William Emmons Books: One Year In
State of the Business, Spring-Summer Con Schedule, Publishing Some Zines, Etc.
Good day, dear readers! On this day last year, I began writing William Emmons Books. I initially started this publication as a vehicle to promote my boutique online business selling vintage science fiction and fantasy paperbacks and magazines etc. As the limits of that business model became apparent to me, the newsletter soon became more of a literary endeavor.
I like connecting with people by selling them books. You could end that sentence before the word “by” though. My natural inclination is more truth seeker than merchant. I am in the 15th month of a quasi-systematic study focused mostly on old American magazine science fiction. I have worked myself into a nice groove reading science fiction magazines from the early 1950s. Complementing this, I am also reading freestanding novels and fantasy and weird fiction.
The State of the Business
On good weeks, my life is structured around taking a trip or two to the post office to fulfill eBay orders and reporting back on my studies in this newsletter. Over the past six weeks sales have ebbed to a trickle as I’ve been more focused on reading and writing than keeping my eBay store well stocked. Reflecting this change of focus, I have activated paid subscription pledges. One very generous reader has pledged $100 per annum. If I can get pledges that would shake out to $250 a year, I will activate paid subscriptions. If you like what I’m doing here, please consider pledging today.
Alternatively, if you’d like to support me with a one-time gratuity, you can do so via Buy Me A Coffee.

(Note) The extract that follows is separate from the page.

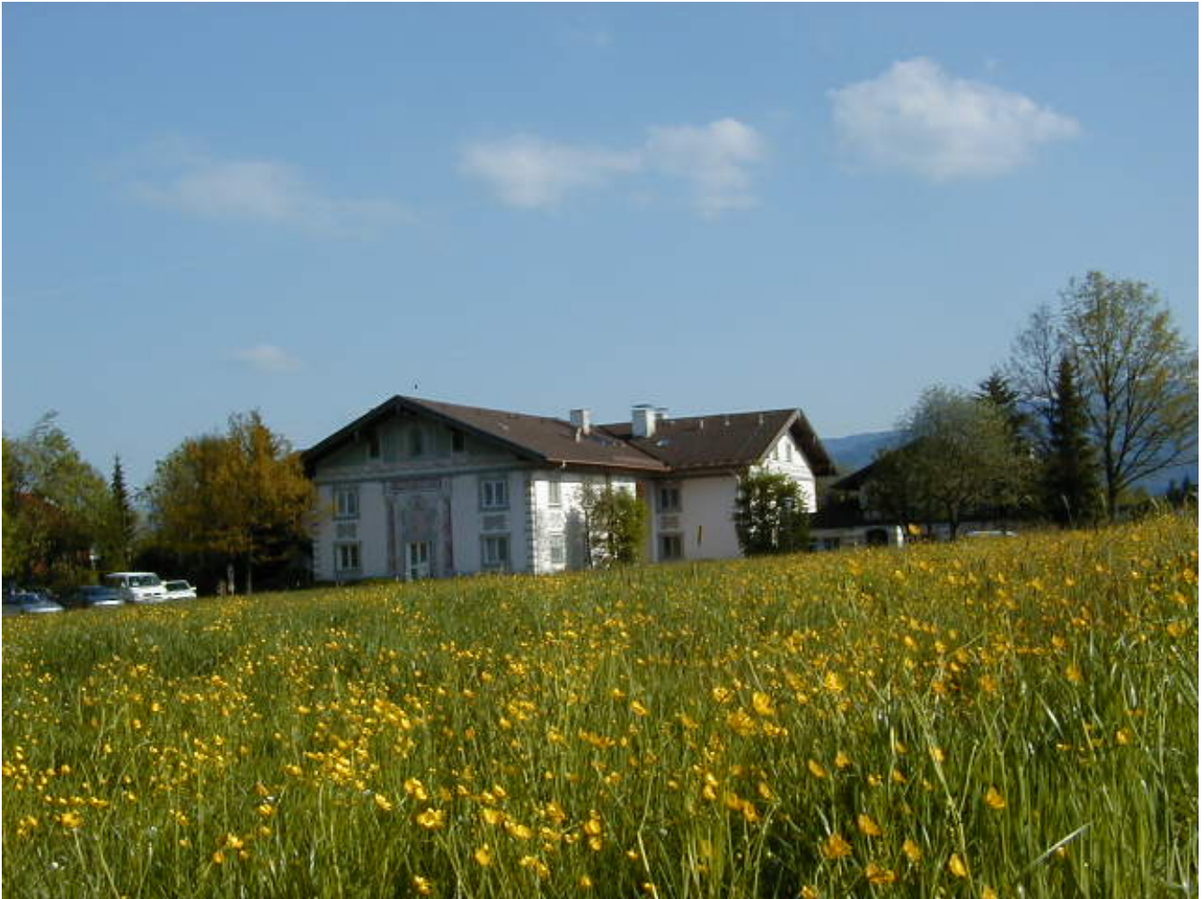
Abbildung: Frauenklinik Prien

William Emmons, Book Critic?
I recently placed a review of Erika Swyler’s new science fiction novel We Lived On The Horizon at Ancillary Review of Books. Here’s what I thought:
At first blush, it seems like Erika Swyler’s new novel We Lived On The Horizon is science fiction for our times, because the central character is an AI. This topical feel is belied by the fact that the AIs in the novel resemble actual people more than they do our own LLMs. Therefore, they don’t evoke the contemporary perils and potentials raised by LLMs. Instead Swyler’s AIs provide a fictive backdrop for the exploration of two themes whose relevance recurs across time: coming of age and revolution. As an AI bildungsroman, the novel is a moving character study. As a speculative meditation on a revolution against a post-apocalyptic society structured around indebtedness, something is lacking.
Read the whole review here.
I hope this is my first step into a broader world of people reading and writing about speculative literature. I am working on another review for ARB and am trying to send out book review pitches elsewhere.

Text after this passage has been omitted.